Yehonathan Sharvit has been working as a software engineer since 2000, programming with C++, Java, Ruby, JavaScript, Clojure and ClojureScript. He currently works as a software architect at CyCognito, building software infrastructures for high scale data pipelines. He shares insights about software at his tech blog. Yehonathan recently published the book Data-Oriented Programming available from Manning.
Top comments (7)
Finally someone who seems to actually know his topic. Thank you for this insight.

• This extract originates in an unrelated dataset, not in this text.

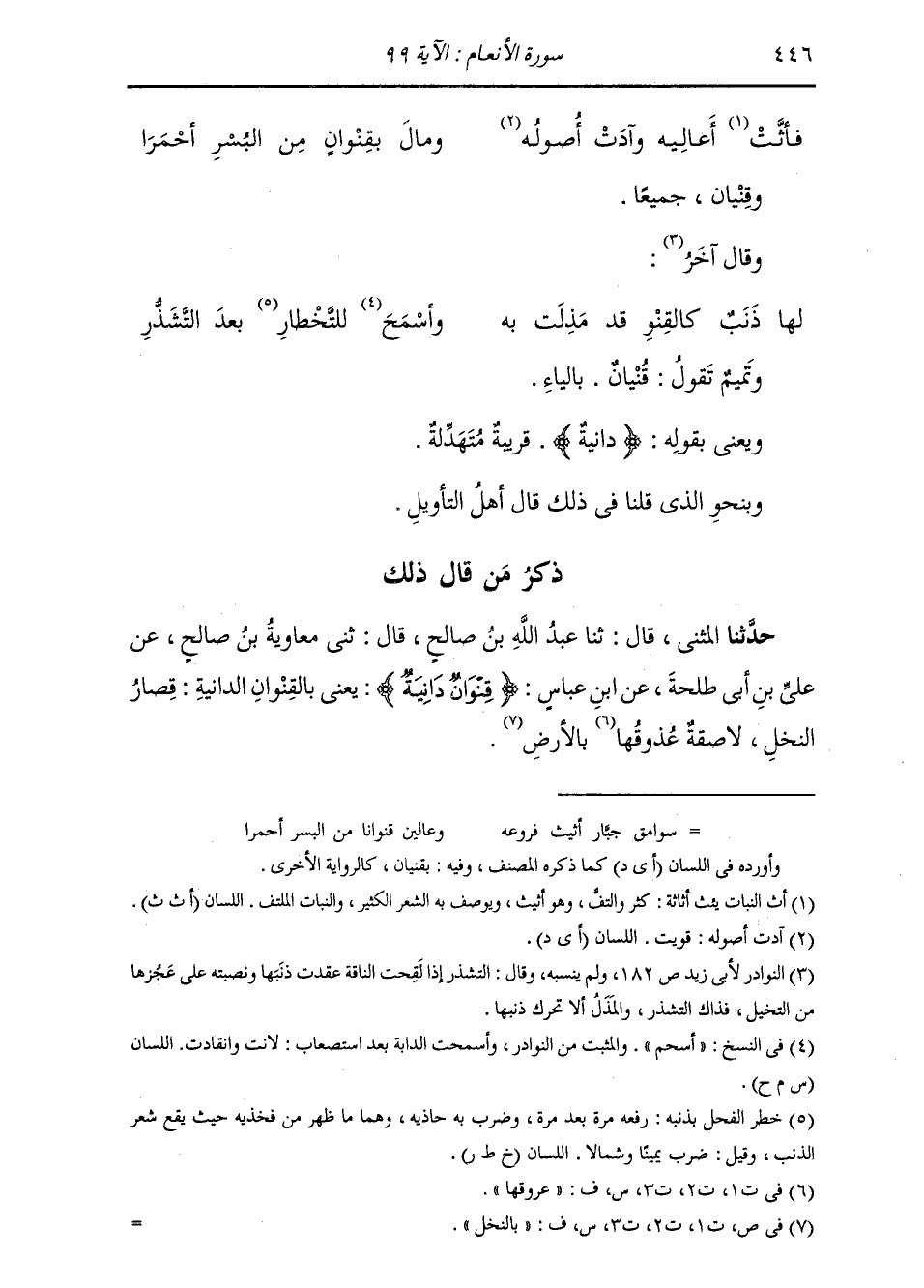ذِكْرُ مَنْ قَالَ ذَلِكَ حَدَّثَنَا الْمُثَنَّى، قَالَ: ثنا عَبْدُ اللَّهِ بْنُ صَالِحٍ، قَالَ: ثني مُعَاوِيَةُ بْنُ صَالِحٍ، عَنْ عَلِيِّ بْنِ أَبِي طَلْحَةَ، عَنِ ابْنِ عَبَّاسٍ: {§قِنْوَانٌ دَانِيَةٌ} [الأنعام: 99] : " يَعْنِي بِالْقِنْوَانِ الدَّانِيَةِ: قِصَارَ النَّخْلِ لَاصِقَةً عُذُوقَهَا بِالْأَرْضِ "

I would like to see more concrete examples though. I'm using DTOs (value objects) and the benefit is the strictness and type safety. Json and nested associative arrays (maps) are fine, but to actually know what data they contain, one has to constantly run a debugger or other visualisation or inspection tool.
I'm interested to hear your opinions.
The DOP approach is to decouple schema validation from data typing.
In other words:
The developer is then free to decide what pieces of data should have a schema and what functions should validate their input.
@viebel The only online references I found on "data oriented programming" are yours :-)
The problem I see with this design is that it seems like just another tradeoff. You trade classes for schema validators. You design immutable structures to mitigate errors and sacrifice performance, as every mutation creates a copy of the previous data.
It reminds me of what happens on every REST API request - you map the xml/json to arrays/objects, then validate the schema, then do stuff with the validated data. I usually map it to internal data structures (DTOs) or ORM classes, depending on use-case. I can't really imagine how I write a schema+validator for every part of my application, every service interacting with the data (services, controllers, background jobs, etc.). I can see flexibility, but I can't see the reduction in complexity mentioned.
Could you point me to some sample code? Prefereably something heavier than a hello-world app.
Also, I can see you mention the paradigm is language-agnostic, but which language do you think would benefit most? (Seeing the tags in this article, would it be Java or JavaScript?)
I think this discrbes a technique I use with json data. I read the json into the library's generic storage, then define types which pull out the data of interest, using the libraries object conversion. It is kind of like network masking where the IP address does not change but I'm only going to look at...
Sound interesting... I will do a little research about this.
Please share the results of your research, once you have them
I did a little research as well, because I've felt some of the frustrations born of what you discussed above. I work in eCommerce and Business Systems specifically and the level of complexity in the business logic often causes junior and mid-level developers to struggle to deliver code because they can't model the logic conceptually in their mind when they are working. The idea of limiting the scope of what a developer has to think about when they are making modifications is an enticing one.
However, upon doing some research, I found the same as you mentioned in your Feb 2021 talk Data Oriented Programming in Practice: there is very little information available on data oriented programming (aside from your blog posts and your book). I suspect some of the issue may be due to a naming conflict. Data oriented design has long been a popular method of approaching OOP in systems where performance is key, especially memory-based performance. The most obvious sector here is video games' Entity Component System architecture pattern, which itself is a data-oriented approach to the composition pattern.
It's unfortunate that there isn't more information about DOP, especially in the form of practical examples and comparisons of similar problems solved with DOP vs OOP. I feel like that would get more developers on board rather than just conceptual essays or talks about how to think about data and functions in a DOP paradigm. If you have any suggestions for other resources, I'd love to hear them!